The US postal service actually does a pretty good job considering the amount of mail it delivers. It is estimated that only about 10% is actually lost or misplaced leaving a whopping 90% delivered each and every day. EXFC “External First-Class Measurement System," USPS reported an EXFC score of 90% nationwide last year.
Each year approximately 175,677,241,000 (that’s billions) pieces of mail is delivered each year, that’s a lot of mail to keep track of and to get to the right person at the right time but even with that number the total pieces lost per year can be as high as 1,000,000,000, again that’s a billion, pieces that get lost, misplaced, destroyed or just simply disappear.
If you’re wondering if it’s just the fault of the US postal system, In Great Britain at least 280,000 letters are lost or delayed every week, 0.07% of the 21 billion letters a year handled by the Royal Mail could be lost or misplaced.
The percent of mail lost has fluctuated somewhat over the years but it’s always been between 6 and 10% and if you factor in the number of years the postal service has been in operation, July 26, 1775 you can only speculate how many billions of lost letters and packages there are hiding in some obscure where house, or an old forgotten drawer in some forgotten building of a once used postal office, bags of mail lost with other stored equipment or even an entire building dedicated to those lost letters.
My TV idea would create a discovered warehouse filled with old bags, boxes and crates that had been routed there by some unexplainable glitch in the delivery system with letters and packages dating back to over 150 years. The postal inspectors would decide to do their best to deliver what they could and each week three to four pieces of mail would be researched and hand delivered to the surviving parties with the back story of how those letters were created, and the effects on living recipients when the contents were finally revealed.
With over a billion letters lost you can imagine the lost words that go unsaid, the lost apologies, or good wishes, the words of wisdom from a grandfather to a grandson or a mother to her struggling daughter or the legal documents that might have a profound effect on current conditions within a business or agreement.
Every year there are a few sensational stories of letters being found and delivered.

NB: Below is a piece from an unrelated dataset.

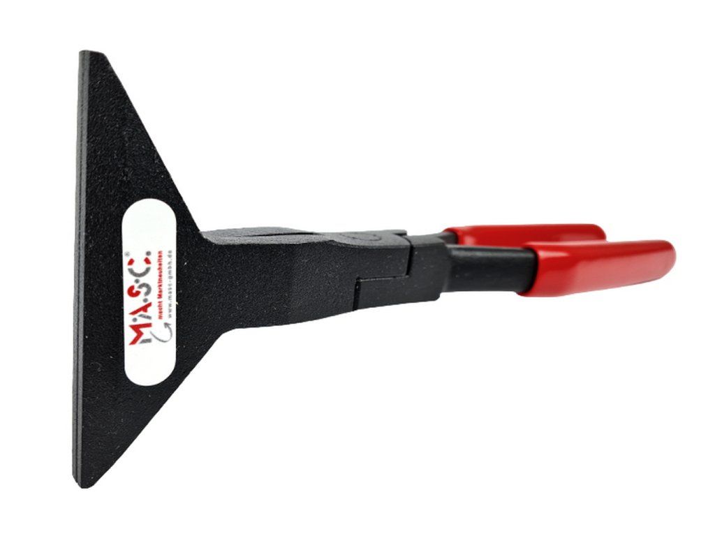 Falcovací kleště M.A.S.C. pro zmáčknutí kapsy s úzkou stranou jsou speciální klempířské kleště pro práci s plechem, určené k mačkání a uzavírání falců (záhybů) na střešních krytinách nebo okapových systémech, zejména tam, kde je potřeba pracovat na strmých sklonech nebo v rozích. Úzká strana čelistí umožňuje precizní práci v místech, kde by standardní široké kleště neobstály nebo by jejich použití bylo nepraktické, a dovoluje vytvářet menší falce a vysoké záhyby.

Just the other day there was a story of a 30 year love letter never finding its way. There are hand written letters 80 years old that eventually get delivered but the majority of those lost letters remain lost, billions of pieces of mail that may never find their way home leaving one to seriously wonder if there is a building, a warehouse, maybe a huge facility like the one in the first Indiana Jones movie or warehouse 13 TV show that depicts acres and acres of stored and forgotten boxes and crates, known only to a few select secret workers that have clandestine motives to stay the hand of delivery and forsake the age old motto of the Persians under Cyrus: Neither snow nor rain nor heat nor gloom of night stays these couriers from the swift completion of their appointed rounds. (see the history of the Persian offensive on the Greeks)
So next time you think the post office lost your letter or you need an excuse why your payment wasn’t received, you really can blame it on the post office, yours will be just one of the billion or so that get lost, so take heart that excuse still works.